If you have life insurance, it is a good idea to regularly review the cover to make sure it’s right for you and your family circumstances.
When you sign up for a policy, the extent of cover – how long it lasts, and how much it would pay out – is based on your financial situation and commitments at that time.
But these can change. Your life insurance policy needs to change as well to ensure your family is fully protected if the worst happens to you or your partner.
Many people take out life insurance out to cover a mortgage, and it is likely this commitment will increase at some point.
For example, if you have moved to a bigger property, the amount you owe your bank or building society could have gone up. The same may apply if you have remortgaged to release equity from your current home.
Alternatively you may have extended your mortgage term when you moved, or in order to reduce the size of your monthly repayments.
If you original life policy was only designed to run for 25 years (in line with the original mortgage term) it could end before your home loan is paid off.
Perhaps the other most common reason to review life cover is changes to the size of your family. If your original life insurance policy was taken out when you and a partner bought your first home, for example, it may need to be amended when you have your first child – and subsequently for any further children.
Insurance to cover the mortgage may be sufficient when you do not have children, but as your family grows you may also like the policy to provide an annual income (as well as a lump sum to clear the mortgage) in the event of your or your partner’s death. Read the small print of any documents for a full list of coverage.
How to change your policy
If you review your cover and find it lacking, you can either ask your current insurer to increase the scope of your protection, or cancel your policy and shop around for another.
You may equally choose to reduce the amount of cover – for example if you’ve been able to pay off your mortgage faster than you expected.
Not all policies can be amended to provide more or less cover: you need to check this with your insurer.
Those that do allow such changes may let you increase the amount you are protected after certain life events, such as moving home or having a child. Your premiums will increase, but you may not have to face any new checks on your health or occupation (which could lead to a sharper rise in premiums).

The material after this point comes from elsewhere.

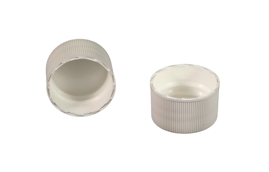 Kaufman Container stocks a variety of plastic caps and closures including screw caps, dispensing caps and child resistant caps. This 28-410 White PP Plastic screw cap has a ribbed skirt and a PE foam liner. Due to the polypropylene plastic material, this cap has a high heat resistance and good chemical resistance. Plastic screw caps are also referred to as continuous thread caps or CT caps.
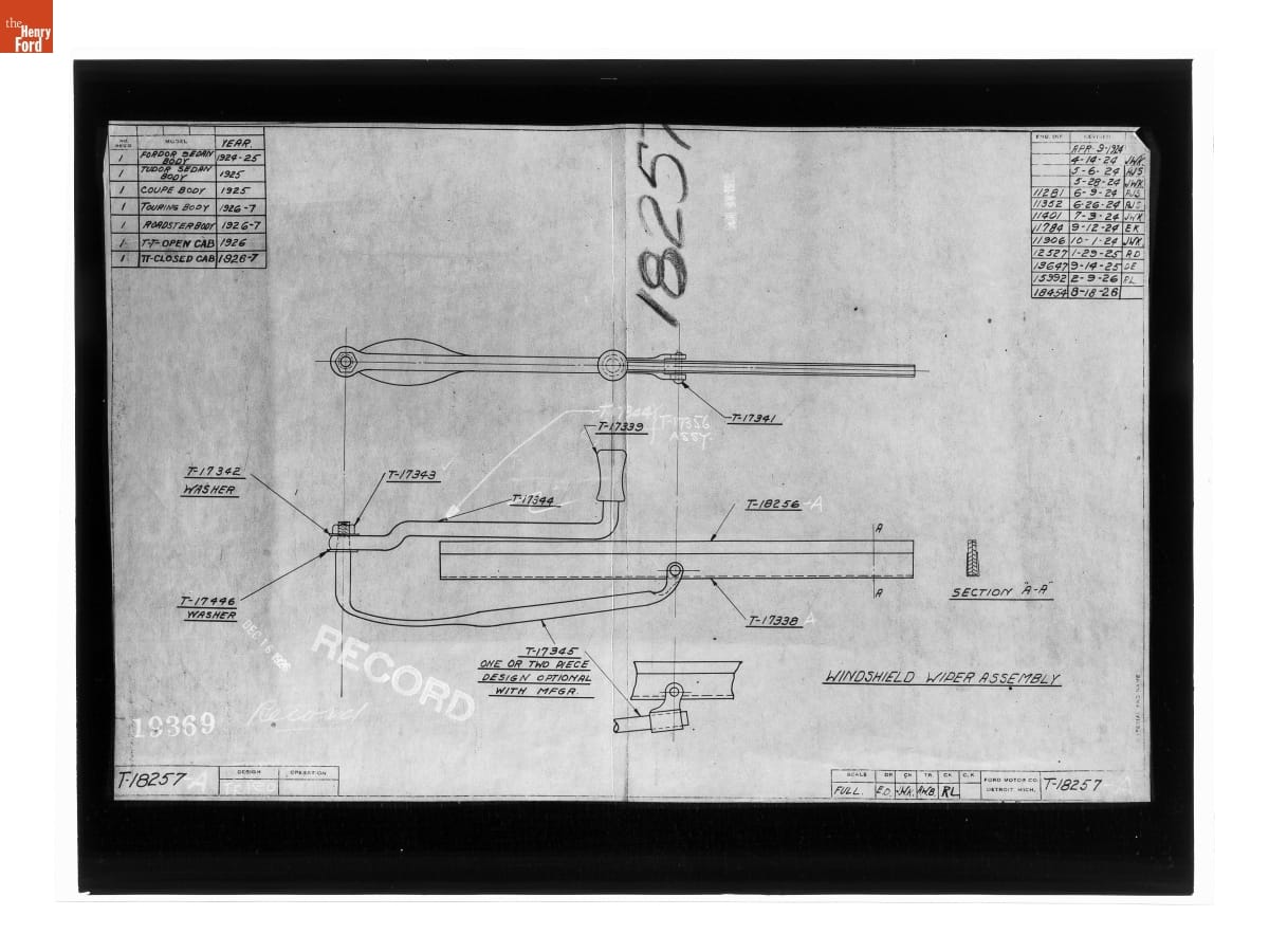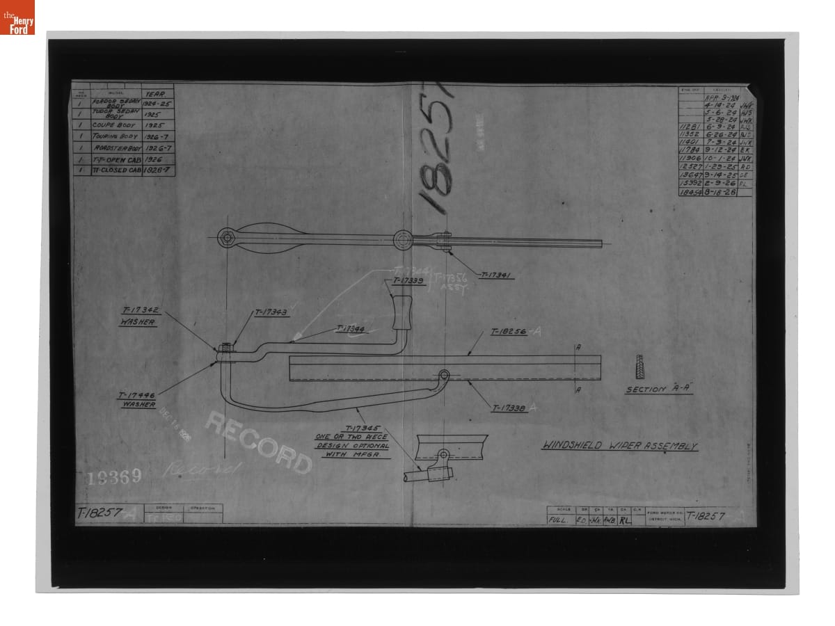 Drawing, "Windshield Wiper Assembly," Ford Model T, August 18, 1926

If your insurer does not allow changes in cover, you will need to seek a new provider. But bear in mind, it could be more cost effective to maintain your old policy and take out “top-up” insurance with the new company.
Life insurance premiums are generally lower the younger you are when you sign up for a policy: this means your existing cover may be priced at a much better rate than any new policy you can find, and is therefore worth hanging on to.
The difference could be even greater if you have suffered any health problems since the original policy was set up.
You may need to tell your new insurer that you are buying cover from it as a top-up to an existing policy: the firm should ask you about this in the application process.
Also note that new legislation means that insurers are unable to price premiums separate for men and women.
Changing who benefits from your policy
When you set up a life insurance policy, any payout from it goes into your estate when you die, along with other assets such as your home and investments.
Your estate is then distributed among your heirs in accordance with any will you have drawn up.
If you don’t have a will, intestacy laws are used to decide who gets your estate. This will often be your spouse or civil partner, but this is not guaranteed and it is therefore recommended that you set up, and regularly review, a will to avoid any doubt.
But it is also possible – and often advisable – to set your life policy up in a trust. This means your dependants can get hold of any payout with the least hassle and the lowest possible tax charge if the worst does happen.
Writing your life insurance policy in trust means the cover is ring-fenced outside the rest of your assets, such as savings, investments and property.
Consequently, any payment from the policy is not included in your estate for inheritance tax purposes.
At the moment, inheritance tax is charged at 40 per cent on any bequeathed assets above the £325,000 threshold.
So depending on the value of any property or investments you have, up to 40 per cent of a life insurance payment could end up in the taxman’s hands if the policy is not written in trust.
And because the life policy is not included in your estate, the payout does not have to go through the probate process with the rest of your assets, which means your family will probably get the money much more quickly.
A trust is normally simple and cheap (or even free) to set up: talk to your insurer when you take out your policy, but bear in mind that a trust is not appropriate in all circumstances.
When you set up a trust, you name a trustee – who is responsible for overseeing the trust in the event of your death – and its beneficiaries. This could be your partner or your children; in the latter case you can stipulate that they do not receive any money until they turn 18 or 21, for example.
Whenever you review your life insurance, you should also review your beneficiaries and trustees: these may change if you get divorced, for example.